We’ll begin by returning to our running example of virtue. Aristotle (2019) argued that we need to proportionally fit virtues to the nuances of the circumstances we find ourselves in. In other words, we need to scan an environment, gain a gist of what is going on. Based on this initial understanding, we act accordingly, and then pay attention to how effective (or not) our actions are (See Gibson, 1977).

Kindness and honesty are two potentially opposing virtues in the sense that we cannot be completely honest and completely kind at the same time. It is empathy which connects us to situations and provides us a sense of the psychological circumstances of the people around us (Thompson, 2014). Empathy is how we determine how kind to be in relation to how honest we should be given how we make sense of the situation. For example, is the person distressed or does the person seem to be ignoring the facts of the matter? The first instance might leave us sensing a need to be kinder, the second instance a sense that we need to be more honest.
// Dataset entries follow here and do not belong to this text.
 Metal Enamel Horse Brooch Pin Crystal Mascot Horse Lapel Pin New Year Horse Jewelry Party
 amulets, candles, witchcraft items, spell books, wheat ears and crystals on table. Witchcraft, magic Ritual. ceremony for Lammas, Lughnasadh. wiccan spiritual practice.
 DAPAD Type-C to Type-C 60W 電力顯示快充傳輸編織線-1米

Western thinking has been drawn to read the above and interpret it as- well, I’ll just stay in the middle. The third way, the middle ground, is seductive in the sense that it provides an answer to every question. However, the third way is as equally a paradox as every other idea (McGilchrist, 2021). If the third way offers the best of both worlds, then it must also offer the worst of both worlds too. Played out in reality, the approach would work very well in some circumstances and catastrophically in others. Recovering from an avoidable catastrophe frequently leads to over correction, and the proverbial throwing out of the baby with the bathwater. The result is cycles of feast and famine, boom and bust.  There is an alternative.

This is what Aristotle (2019) seems to be suggesting, that we need to fit the optimal proportion of virtue to the situation and continually refit the proportion as the situation develops; it is an organic process not a static one. The result is that we cannot approach situations with too many preconceived ideas and rules in place, such as—I’ll just go straight down the middle. Instead, we need to pay attention to the situation empathically, and stay tuned to the cues we receive from our intuition (McGilchrst, 2021).  
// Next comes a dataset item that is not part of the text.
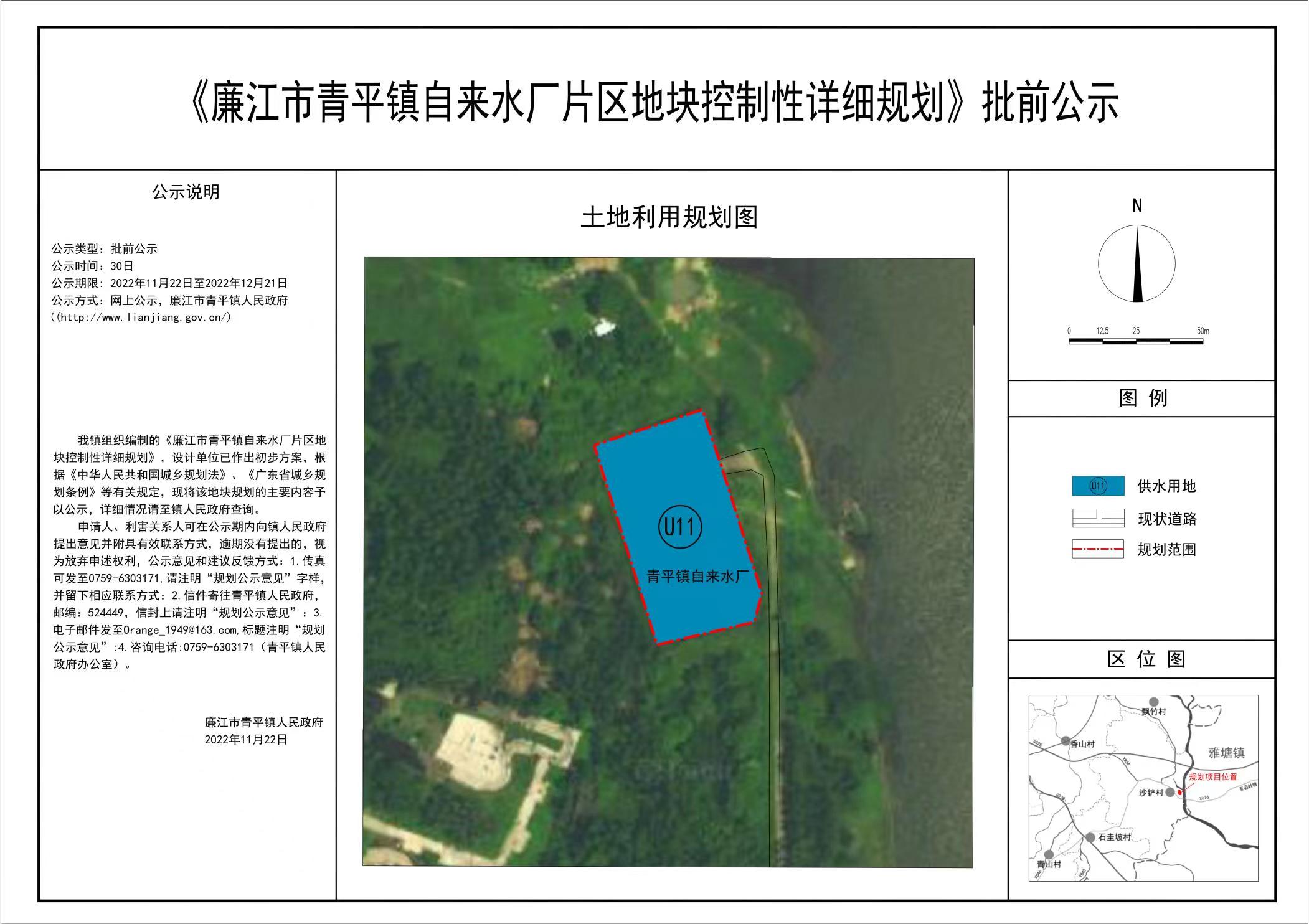 《廉江市青平镇自来水厂片区地块控制性详细规划》批前公示

Whitehead’s (2010) organic philosophy provides further perspective. Life has two poles which are always in operation. It is not possible to engage with anything without also engaging with it’s opposite. For example, if you are completely honest, the spectre of unkindness will haunt the proceedings; it cannot be wished away. Life happens between two poles and it is better to acknowledge this. Sometimes we misjudge situations, and we are overly kind or overly honest, it is part of existence.

The problem arises when the chance to learn from the experience of moving between the poles is shut off. Allowing ourselves to encounter movement between the extremes, develops our knowledge of what works for who, when and in what circumstances. If we are open to this, learning and novelty can take place because we are gaining access to limits and possibility (Whitehead, 2010). Attempting to stay in the middle not only reduces access to novelty but also reduces learning. If things go wrong from the middle, it is a major strategic blunder without attention, and not a moment by moment tactical one conducted with empathy.

Paying attention means that we can use the experience of eternally navigating opposites to develop our participatory knowledge. In practice, this means intuitively sensing how things are going and imagining how to effectively participate from moment to moment. This requires empathy and an appreciation of nuance. The alternative is to try and fit preconceived ideas into organic situations. There is only one outcome for this approach, a shutting down of empathy, intuition and imagination followed by frustration and over correction.

Reading

Aristotle, A., 2019. The ethics of Aristotle. BoD–Books on Demand.

Whitehead, A.N., 2010. Process and reality. Simon and Schuster.

Gibson, J.J., 1977. The theory of affordances. Hilldale, USA, 1(2),

Thompson, E., 2014. Waking, dreaming, being: Self and consciousness in neuroscience, meditation, and philosophy. Columbia University Press.

McGilchrist (2021) The Matter with Things. Our Brains, Our Delusions, and the Unmaking of the World. Perspectiva.